Task to carry out —
Repeat these records exactly, pictures excluded.

Records shown —

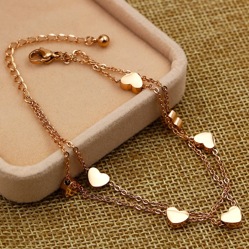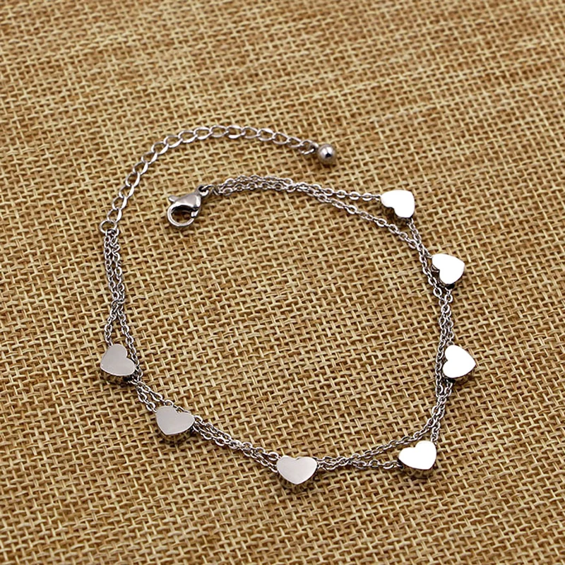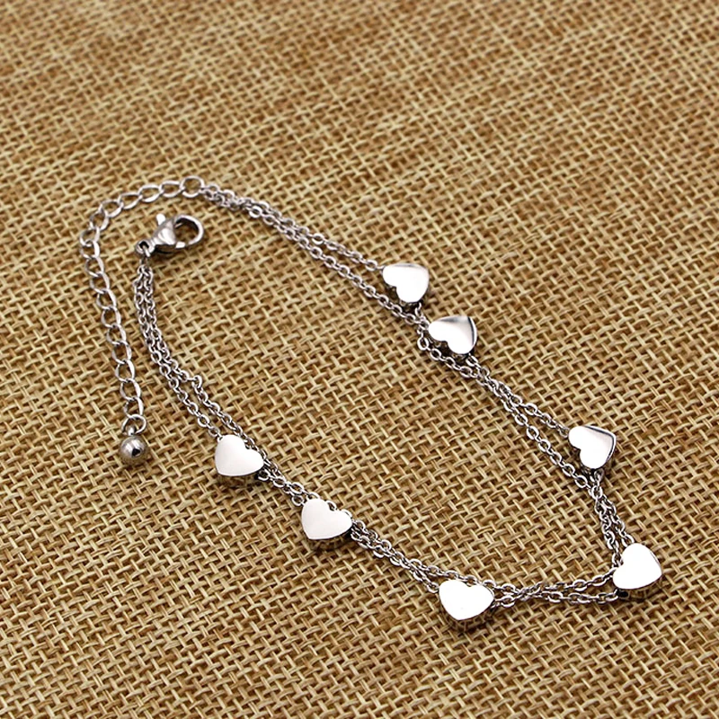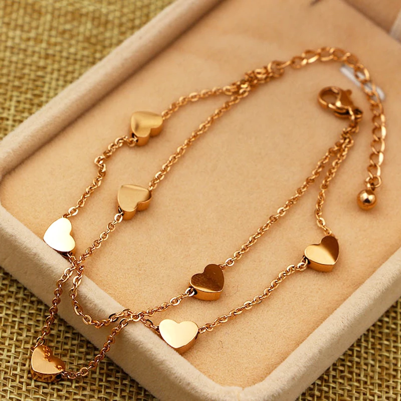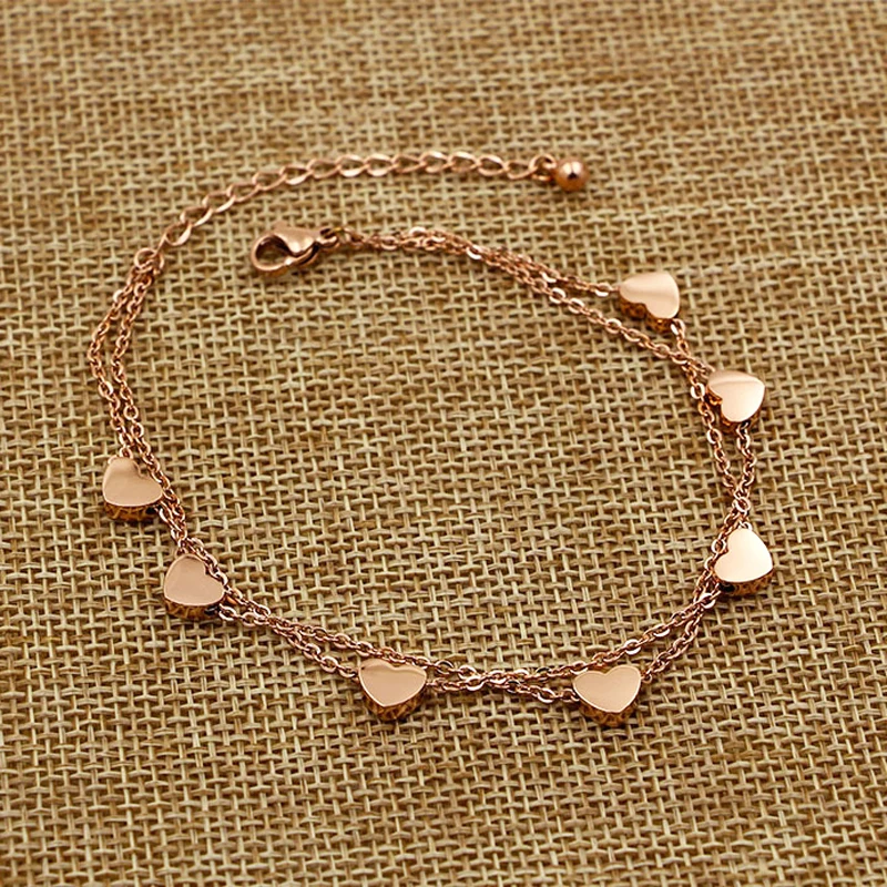 Super Lovely Seven Hearts Rose Gold Double Chain Anklet Titanium Steel Anti Allergic Anklet Jewelry Woman Kid Best Gift
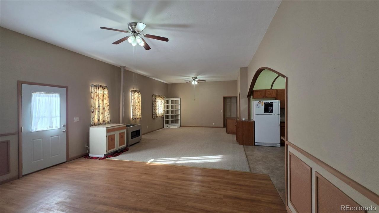 Experience refined small-town living in this beautifully updated 3-bedroom, 1-bath residence featuring an elegant open-concept design enhanced by soaring 10 ft ceilings and impressively large bedrooms. Thoughtfully maintained, the home offers updated electrical wiring, newer kitchen cabinetry, and a roof replaced in 2022, ensuring modern comfort and long-term peace of mind. Set on an expansive fenced corner lot adorned with mature trees, the property also includes two premium garage structures?an oversized 3-bay garage ideal for workshop use or recreational vehicles, and an additional 3-car garage providing ample parking and storage. Blending spacious interior living with exceptional functionality and high-value improvements, this home presents a rare opportunity to own a distinguished property in the heart of Julesburg. This property is being sold in As Is condition, with all faults. Buyer acknowledges and accepts that buyer is purchasing the property in its current condition and without any representations, guarantees, or warranties from seller, either expressed or implied, as to suitability or condition.
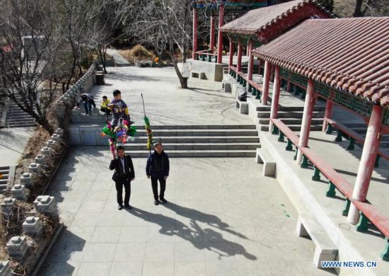 Hao Laixi (R) and his son practice performing Ekou Naoge at a park in Daixian County, north China's Shanxi Province, Feb. 22, 2021. 73-year-old Hao is an inheritor of the national intangible cultural heritage Ekou Naoge performance, an art form integrating dancing, music, art with acrobatics. It is a local tradition to perform Ekou Naoge during the celebration of the Lantern Festival. This year, Hao decided to present an online performance for the festival at the suggestion of his son and grandson. (Xinhua/Chai Ting)
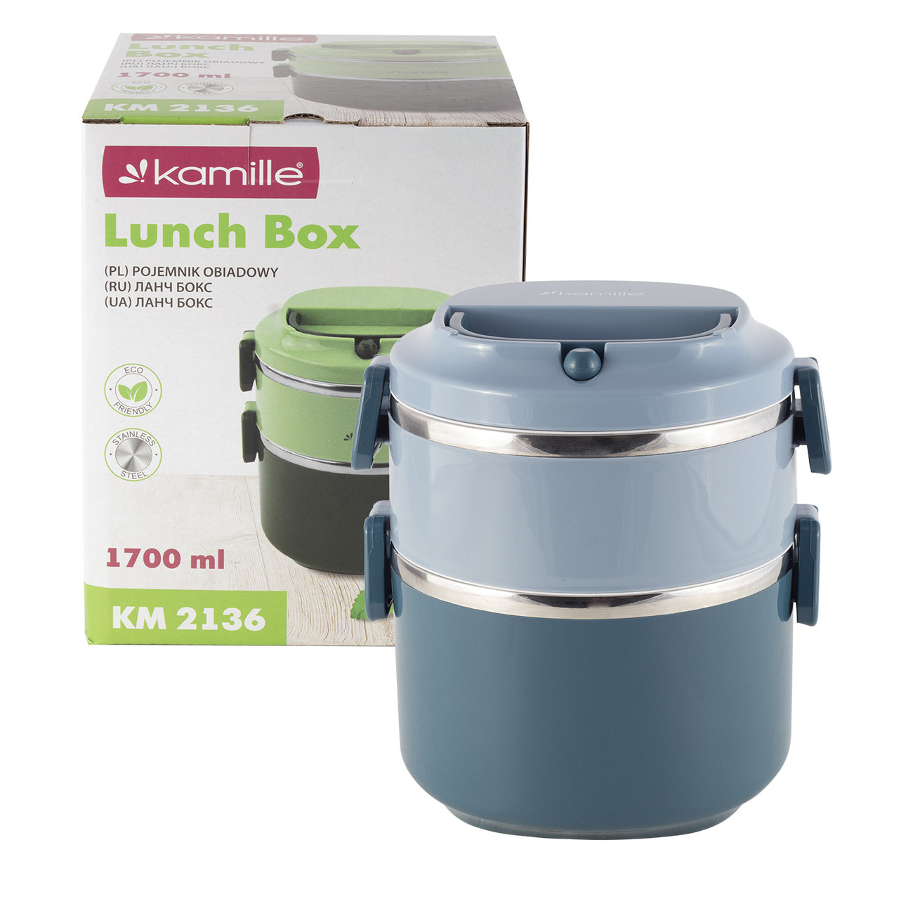 Опис Эргономичный и компактный контейнер двойной blue 1700мл KL226260 Kamille
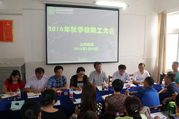8月26日上午,公共课部召开秋季教职工大会。校党委副书记王维华,校组织部常务副部长叶华光,原公共课部班子成员王莹华、张克新、江玲娜及公共课部全体教职工参加了会议。会议由叶华光主持。
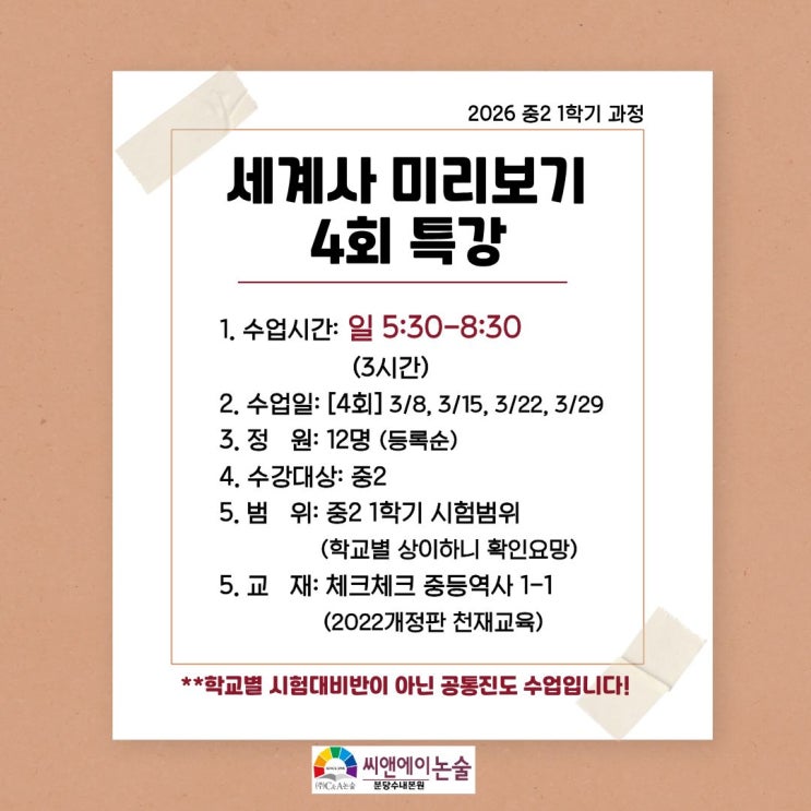 2026년 1학기 시험대비 " 중등세계사 미리보기 4회 특강" 중2 내신시험시 상위권 학생들도 가장 어려워하는 과목 세계사! 시험 전 마스터하기!!! ■ 수업시간 : 일 5:30-8:30 (3시간) ■ 수업기간 [4회] 3/8 , 15, 22, 29 ■ 수강대상 : 2026년 중2 ■ 강 사 : 한보람 T ■ 정 원 : 12명 (등록순 마감) ■ 수 강 료 : 240,000원 (회당 6만원) ■ 교 재 : 「체크체크 중등 역사 1-1 」 천재교육 -별도구매 ( 2022년 개정판) 본 수업은 정원제 수업으로, 중간퇴원이나 보강이 불가합니다. <img src="https://blogthumb.pstatic.net/MjAyNjAyMTlfOTcg/MDAxNzcxNDkzMTcwMzY2.iRLvnT1tWtaYRfJmIviRmx3ogGOpQVmh43zf_W73-MIg.48Bj-qUpaOUMTOId7EklM6sulah1EGET2WMVdiTua40g.JPEG/%C1%A6%B8%F1%C0%BB_%C0%D4%B7%C2%C7%D8%C1%D6%BC%BC%BF%E4._%281%29.jpg?type=s3" />
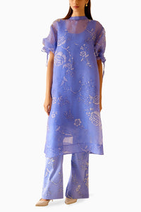 Introducing the Bia Tunic, crafted in our signature floral print for the season. This 100% printed silk organza tunic features sequined embroidery across the shoulders and sleeves, adding a touch of sparkle to a classic silhouette. It comes with a separate slip and a chic tie detail at the sleeves. Pair it with our printed cotton satin bell-bottom pants for a complete, stylish ensemble.
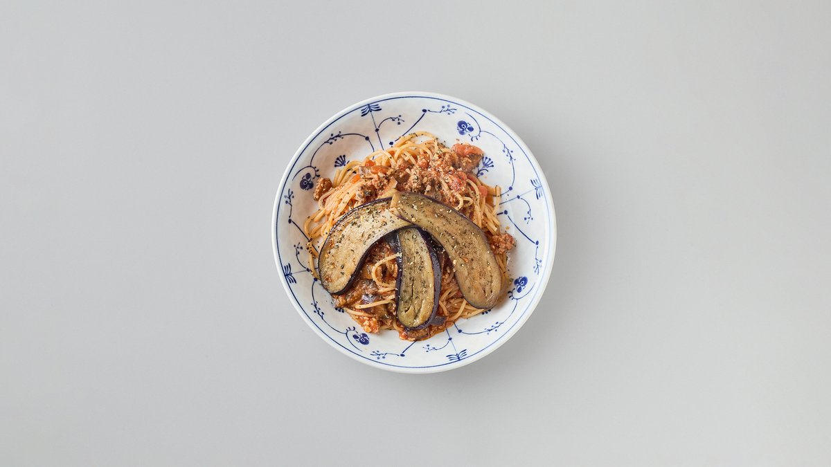 茄子とひき肉のトマトソースのパスタです。
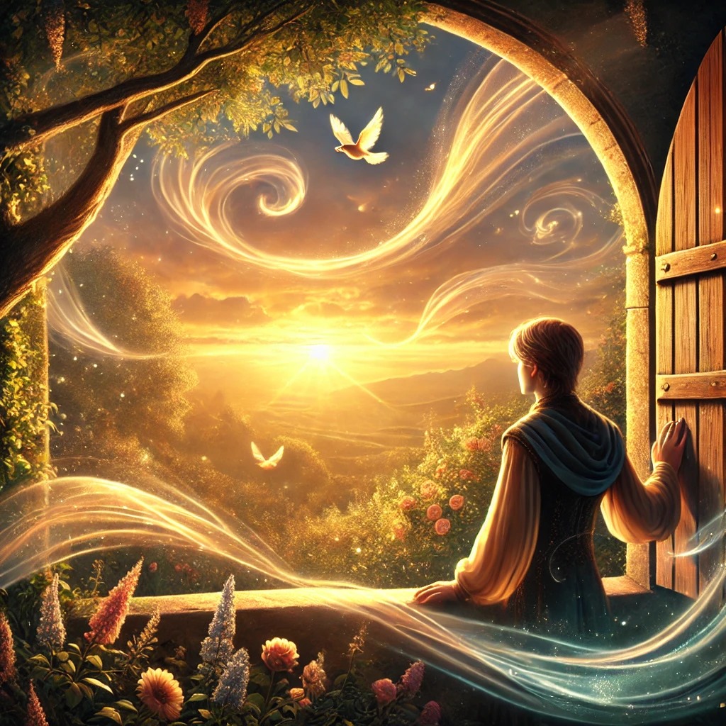 Seekor burung kecil hinggap di ambang jendela, mengepakkan sayapnya seolah membisikkan pesan: cinta ada di setiap detak kehidupan, bahkan di tengah kesedihan. Pangeran berhenti sejenak. Matanya menatap jauh ke luar jendela, ke arah taman di mana angin lembut menggerakkan bunga-bunga dengan penuh kasih. Burung-burung kecil terbang melintas, seolah ikut mendengarkan percakapan mereka.
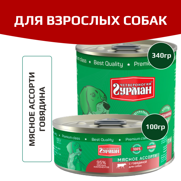 Четвероногий Гурман Мясное ассорти корм консервированный для собак говядина.
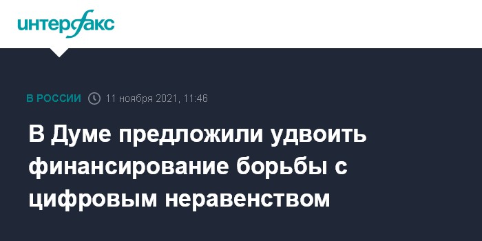 В Думе предложили удвоить финансирование борьбы с цифровым неравенством
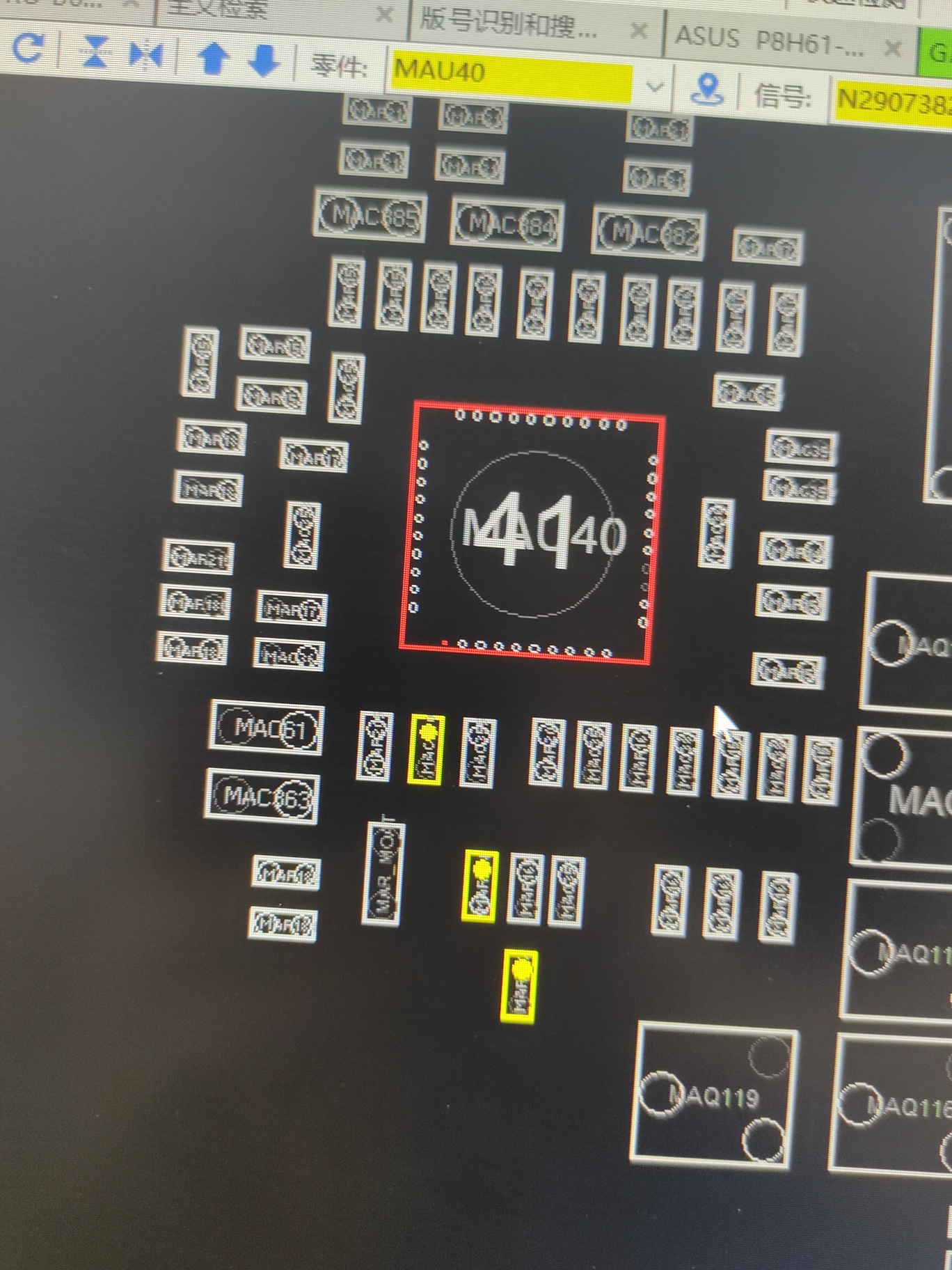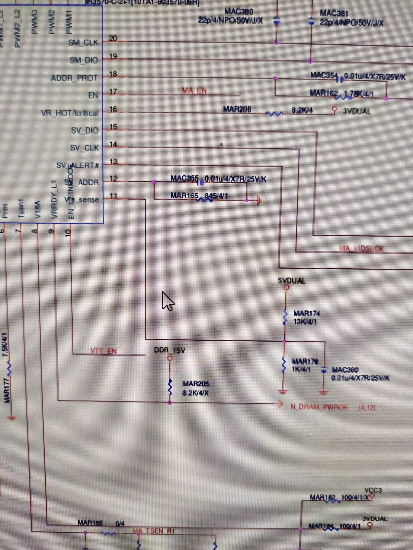 这个MAU40的11脚大概有0.36的电压,是通过5vdual分压而来的,如果没有这个电压肯定是这个13K电阻坏,或者0.01U的电容短路拉低了电压

Problem solution —
 Super Lovely Seven Hearts Rose Gold Double Chain Anklet Titanium Steel Anti Allergic Anklet Jewelry Woman Kid Best Gift
 Experience refined small-town living in this beautifully updated 3-bedroom, 1-bath residence featuring an elegant open-concept design enhanced by soaring 10 ft ceilings and impressively large bedrooms. Thoughtfully maintained, the home offers updated electrical wiring, newer kitchen cabinetry, and a roof replaced in 2022, ensuring modern comfort and long-term peace of mind. Set on an expansive fenced corner lot adorned with mature trees, the property also includes two premium garage structures?an oversized 3-bay garage ideal for workshop use or recreational vehicles, and an additional 3-car garage providing ample parking and storage. Blending spacious interior living with exceptional functionality and high-value improvements, this home presents a rare opportunity to own a distinguished property in the heart of Julesburg. This property is being sold in As Is condition, with all faults. Buyer acknowledges and accepts that buyer is purchasing the property in its current condition and without any representations, guarantees, or warranties from seller, either expressed or implied, as to suitability or condition.
 Hao Laixi (R) and his son practice performing Ekou Naoge at a park in Daixian County, north China's Shanxi Province, Feb. 22, 2021. 73-year-old Hao is an inheritor of the national intangible cultural heritage Ekou Naoge performance, an art form integrating dancing, music, art with acrobatics. It is a local tradition to perform Ekou Naoge during the celebration of the Lantern Festival. This year, Hao decided to present an online performance for the festival at the suggestion of his son and grandson. (Xinhua/Chai Ting)
 Опис Эргономичный и компактный контейнер двойной blue 1700мл KL226260 Kamille
8月26日上午,公共课部召开秋季教职工大会。校党委副书记王维华,校组织部常务副部长叶华光,原公共课部班子成员王莹华、张克新、江玲娜及公共课部全体教职工参加了会议。会议由叶华光主持。
 2026년 1학기 시험대비 " 중등세계사 미리보기 4회 특강" 중2 내신시험시 상위권 학생들도 가장 어려워하는 과목 세계사! 시험 전 마스터하기!!! ■ 수업시간 : 일 5:30-8:30 (3시간) ■ 수업기간 [4회] 3/8 , 15, 22, 29 ■ 수강대상 : 2026년 중2 ■ 강 사 : 한보람 T ■ 정 원 : 12명 (등록순 마감) ■ 수 강 료 : 240,000원 (회당 6만원) ■ 교 재 : 「체크체크 중등 역사 1-1 」 천재교육 -별도구매 ( 2022년 개정판) 본 수업은 정원제 수업으로, 중간퇴원이나 보강이 불가합니다. <img src="https://blogthumb.pstatic.net/MjAyNjAyMTlfOTcg/MDAxNzcxNDkzMTcwMzY2.iRLvnT1tWtaYRfJmIviRmx3ogGOpQVmh43zf_W73-MIg.48Bj-qUpaOUMTOId7EklM6sulah1EGET2WMVdiTua40g.JPEG/%C1%A6%B8%F1%C0%BB_%C0%D4%B7%C2%C7%D8%C1%D6%BC%BC%BF%E4._%281%29.jpg?type=s3" />
 Introducing the Bia Tunic, crafted in our signature floral print for the season. This 100% printed silk organza tunic features sequined embroidery across the shoulders and sleeves, adding a touch of sparkle to a classic silhouette. It comes with a separate slip and a chic tie detail at the sleeves. Pair it with our printed cotton satin bell-bottom pants for a complete, stylish ensemble.
 茄子とひき肉のトマトソースのパスタです。
 Seekor burung kecil hinggap di ambang jendela, mengepakkan sayapnya seolah membisikkan pesan: cinta ada di setiap detak kehidupan, bahkan di tengah kesedihan. Pangeran berhenti sejenak. Matanya menatap jauh ke luar jendela, ke arah taman di mana angin lembut menggerakkan bunga-bunga dengan penuh kasih. Burung-burung kecil terbang melintas, seolah ikut mendengarkan percakapan mereka.
 Четвероногий Гурман Мясное ассорти корм консервированный для собак говядина.
 В Думе предложили удвоить финансирование борьбы с цифровым неравенством
 这个MAU40的11脚大概有0.36的电压,是通过5vdual分压而来的,如果没有这个电压肯定是这个13K电阻坏,或者0.01U的电容短路拉低了电压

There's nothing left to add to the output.